Les établissements devront alors retrouver une forme d’enseignement en mode hybride.

«Ça fait beaucoup de travail, ils doivent faire deux planifications. Une en présence complète et une en repli», a indiqué la ministre McCann, à propos des directions des établissements et leurs profs.

«Mais j’ai leur adhésion. J’ai eu l’assurance qu’ils vont le faire», promet-elle, ajoutant que 1 m de distance de séparation s’avère déjà une amélioration marquée par rapport à la situation de la dernière année.

Dr Arruda indique que le taux actuel de vaccination pour la première dose au sein du groupe des 16 à 29 ans est de 42 %. Des activités de sensibilisation à la vaccination destinées à ce groupe d’âge seront déployées au cours des trois prochains mois par les autorités. Plus de cliniques de vaccination pourraient être ouvertes sur les campus, selon Mme McCann.

Pas de cible pour les profs

Aucune cible de vaccination précise ne sera en vigueur pour les enseignants et les membres du personnel des cégeps et universités.

«On s’attend à ce que la majorité des professeurs et des membres du personnel soient vaccinés», a répondu Mme McCann, se référant à l’objectif global de vacciner au moins 75 % des Québécois adultes de deux doses avant la fin août énoncé par le ministre de la Santé, Christian Dubé.

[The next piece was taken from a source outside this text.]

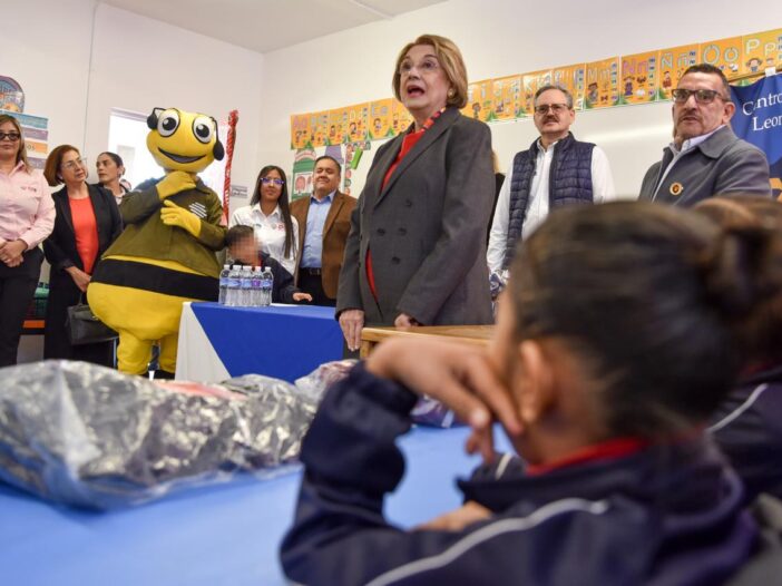 La mañana de este miércoles, la presidenta del DIF Estatal, María Eugenia Galván Antillón, participó en la entrega de chamarras a 214 estudiantes del Centro Escolar Leona Vicario, como parte de la campaña “Juntos Contra el Frío 2025”.

Quant à la montée possible en force d’un nouveau variant, Dr Arruda assure que la Santé publique «considère chaque variant comme une menace potentielle. Mais on ne peut pas vivre avec la peur ou la paralysie totale. C’est pour ça qu’il y a beaucoup de si, justement. La menace des variants est là pour rester. On va voir comment le virus se comporte l’année prochaine, s’il sera plus bénin ou s’il faudra vacciner encore chaque année comme avec la grippe. On surveille ça de très près», a-t-il résumé.